Although the movement of that capital did not appear at the time on the books, its importance can be inferred from the significantly higher ratio of working persons to total population in West Germany than in other countries in the 1950s and 1960s: 50% in Germany versus 45% in France, 40% in the UK, 42% in the US and 36% in Canada. 

Also, after a few years of bad fiscal and monetary policies immediately after the war, Ludwig Erhard abolished production and price controls, was instrumental in the introduction of the Deutsche mark in 1948, and lowered taxes significantly. When the inflow of human capital stopped, new waves of hardworking young employees arrived from Mediterranean lands. 

In other words, the West German miracle was due, not to foreign aid, but to the same features that brought about earlier and later miracles elsewhere: migration of hard-working, skilled people, stable money and significantly lower taxes. 

And taxes were significantly lowered. In the Germany of 1948, marginal income taxes stood at 50% for a US$600 income, and a confiscatory 95% for $15,000. In 1948, the tax code was drastically revised, and the 50% bracket applied for income of $2,250, though effectively lower because of numerous deductions for savings and investments. By 1955, the top rate was lowered to 63% for incomes over $250,000, and 50% for brackets starting at $42,000. 

These taxes are not low by today's standards. But things are relative: when neighboring countries experiment with communism and other disastrous political experiments that tax people's hopes, aspirations and ambitions, a 50% tax rate will induce levels of efforts that they would not induce if neighboring countries pursued similar or even lower-taxed policies. 

Those now advocating returning to 60% or even 80% marginal taxes, noting that Western countries did not do badly with such rates from the 1950s to the 1970s, are seriously mistaken. 

During those decades, there were roughly 12 democratic countries with degrees of openness of their financial markets in the entire world. The rest of the world was closed to fueling entrepreneurial ambitions. Capital and people were lining up to get into these countries: even an 80% tax is better than chances of being sent to gulags, or forced on "cultural marches".

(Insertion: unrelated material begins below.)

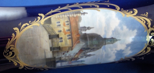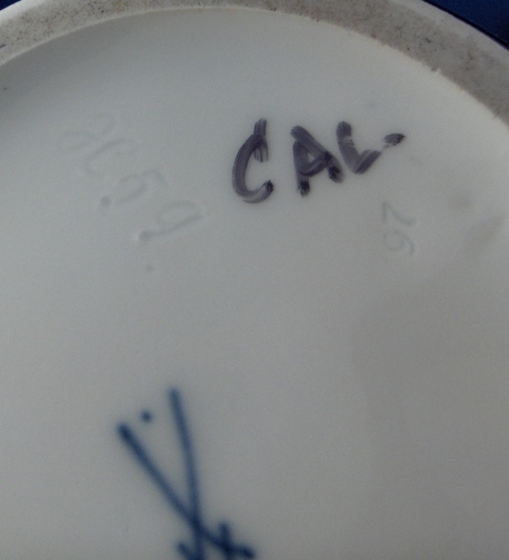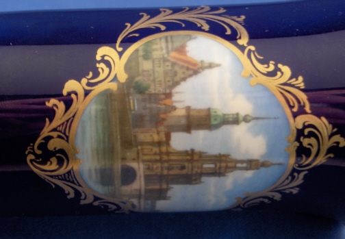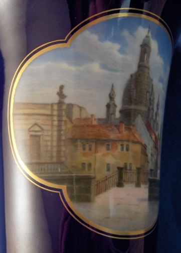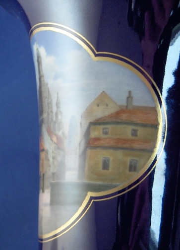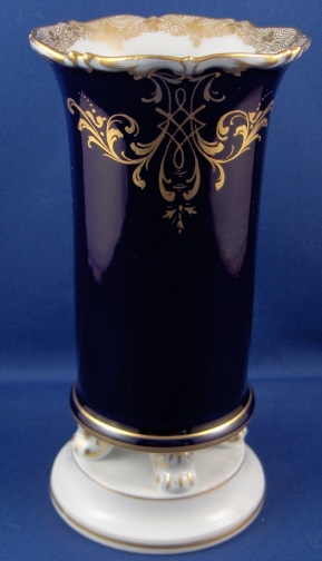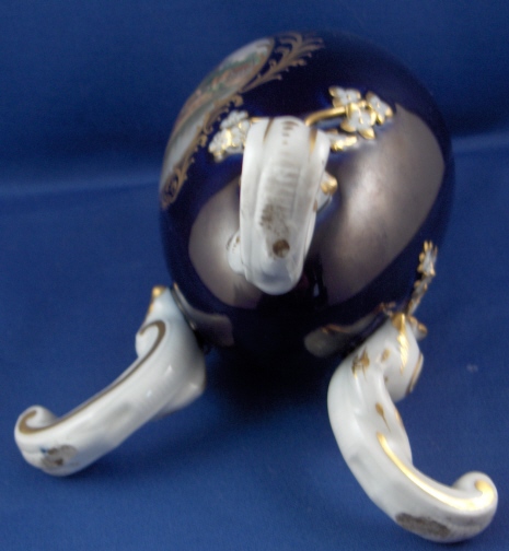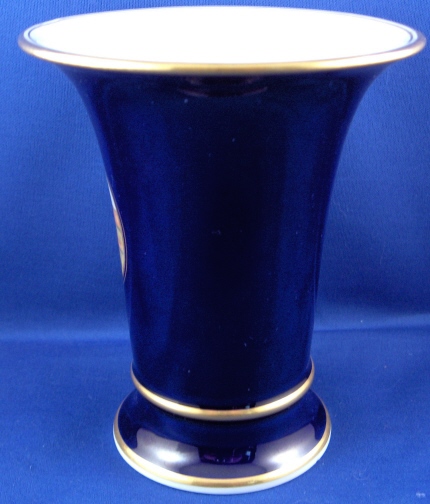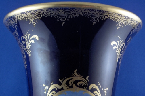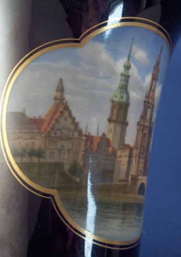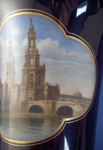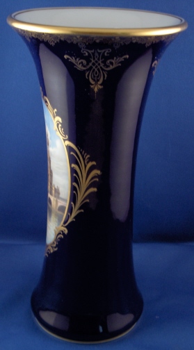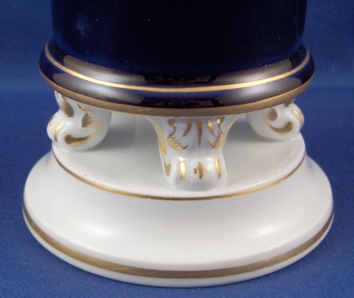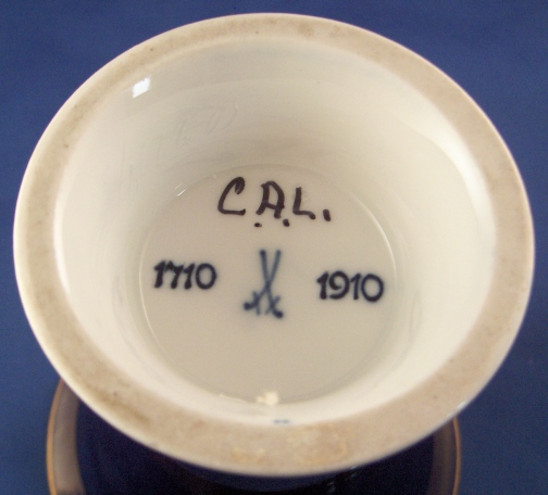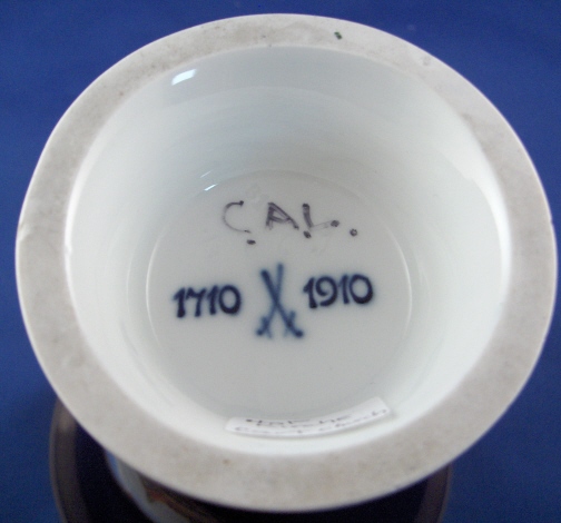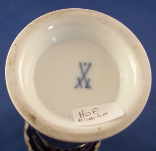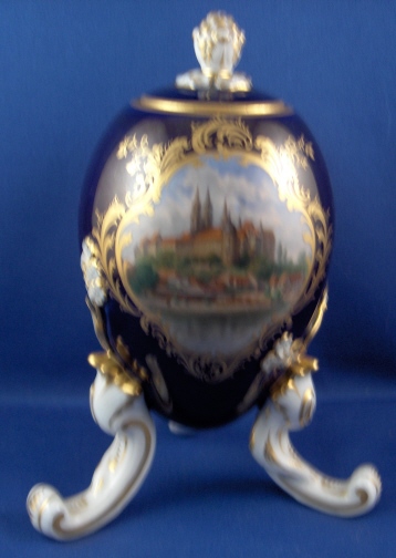 This is probably the nicest set of vases I have ever seen or owned! It is a set of six cobalt ground and scenic vases made by Meissen during the early 20th century until the Pfeiffer period around 1925. All six have a nice cobalt blue ground color with some elegant gilding but the best part is the scenes on each piece which have a touch of Art Nouveau to them which makes sense since they were made during this period. The scenes are of the Frauenkirche - Church of Our Lady in Dresden and the Hofkirche - The Catholic Church of the Royal Courth of Saxony in Dresden. The two pairs of vases each have one of these scenes on them, the small footed vase has the Hofkirche on it and the egg vase has the Albrechtsburg in Meissen on it where Meissen was founded which is extra nice for the collector! This is one superb set and amazingly in perfect condition! The vases are marked underneath with the underglazed blue crossed swords marks as shown. The smaller trumpet vases have the anniversary mark of 1910 on them, the taller vases and the footed vase the Pfeiffer period mark and the egg shaped vase has what is left of the mark from around 1900 with the hilts on it but it is mostly gone due to its location. Some of the usual impressed and incised marks as well as shown. The taller vases are 9.5 inches tall and 4.75 inches in diameter. The trumpet vases are 5.25 inches tall and 4.5 inches in diameter. The small footed vase is 5.5 inches tall and 2.875 inches in diameter. And last but certainly not least the egg shaped lidded piece is 6 inches tall and has a diameter of 3 inches and the legs are 4.25 inches apart at the widest point. Please email me for more information or other pictures.

That is not the case today, when people and capital are far more mobile. French President Francois Hollande - who declared himself an "enemy of finance" (which should be expected from anyone with strong ideological background and no experience of ever being anything but a political apparatchik: after all, the more one closes financial markets, the more governments must play the role of "matchmaker" between people and money - by default) - saw it promptly when not only prominent French citizens announced their move out of France, but also with the British Prime Minister, David Cameron, announcing a rolling out of the red carpet for France's tax exiles. 

Cameron probably remembered the lessons the UK learned from pre-Thatcher days, when the marginal taxes in Britain reached the roughly 95% level - leading in the 1970s to the then much discussed brain drain from the UK, which led the Rolling Stones among others rolling out of the UK to live under more favorable tax regimes elsewhere (the Stones, ironically, to France). 

It is surprising that when "globalization" and increased mobility of people and capital is on everyone's lips, economists recommend policies from a relatively immobile world - which is gone with the wind.